- Opening Delimiter -

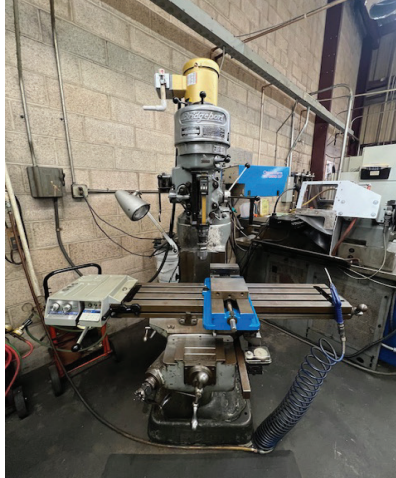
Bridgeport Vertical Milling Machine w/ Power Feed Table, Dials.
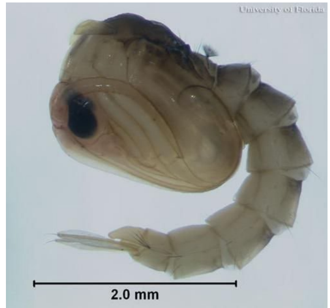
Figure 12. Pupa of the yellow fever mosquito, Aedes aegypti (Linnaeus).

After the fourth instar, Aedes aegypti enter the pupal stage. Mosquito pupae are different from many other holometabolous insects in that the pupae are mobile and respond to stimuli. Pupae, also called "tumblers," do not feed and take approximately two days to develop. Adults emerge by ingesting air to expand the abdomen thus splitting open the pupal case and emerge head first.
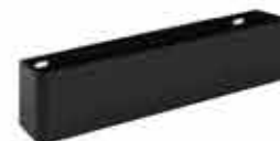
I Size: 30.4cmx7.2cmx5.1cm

- Closing Delimiter -
- Opening Delimiter -

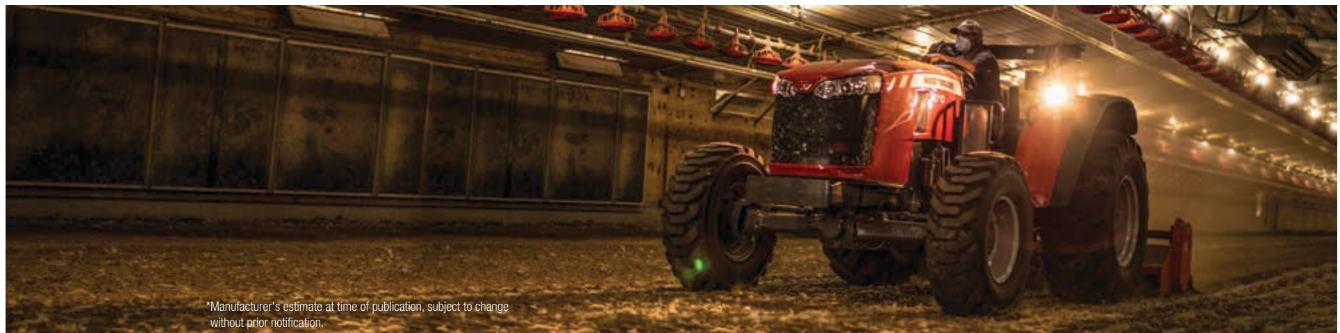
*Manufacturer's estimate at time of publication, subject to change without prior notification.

- Closing Delimiter -
- Opening Delimiter -

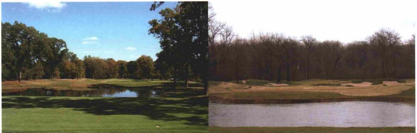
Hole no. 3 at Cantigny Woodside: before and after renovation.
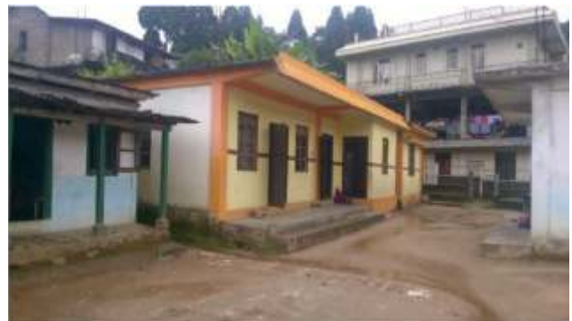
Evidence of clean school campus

- Closing Delimiter -

REQUIRED WORK =>
What you return must match, character for character, the lines above from the one with "After the fourth" through the one with "I Size: 30.4cmx7.2cmx5.1cm", minus any pictures.

YOUR RESPONSE =>
After the fourth instar, Aedes aegypti enter the pupal stage. Mosquito pupae are different from many other holometabolous insects in that the pupae are mobile and respond to stimuli. Pupae, also called "tumblers," do not feed and take approximately two days to develop. Adults emerge by ingesting air to expand the abdomen thus splitting open the pupal case and emerge head first.
I Size: 30.4cmx7.2cmx5.1cm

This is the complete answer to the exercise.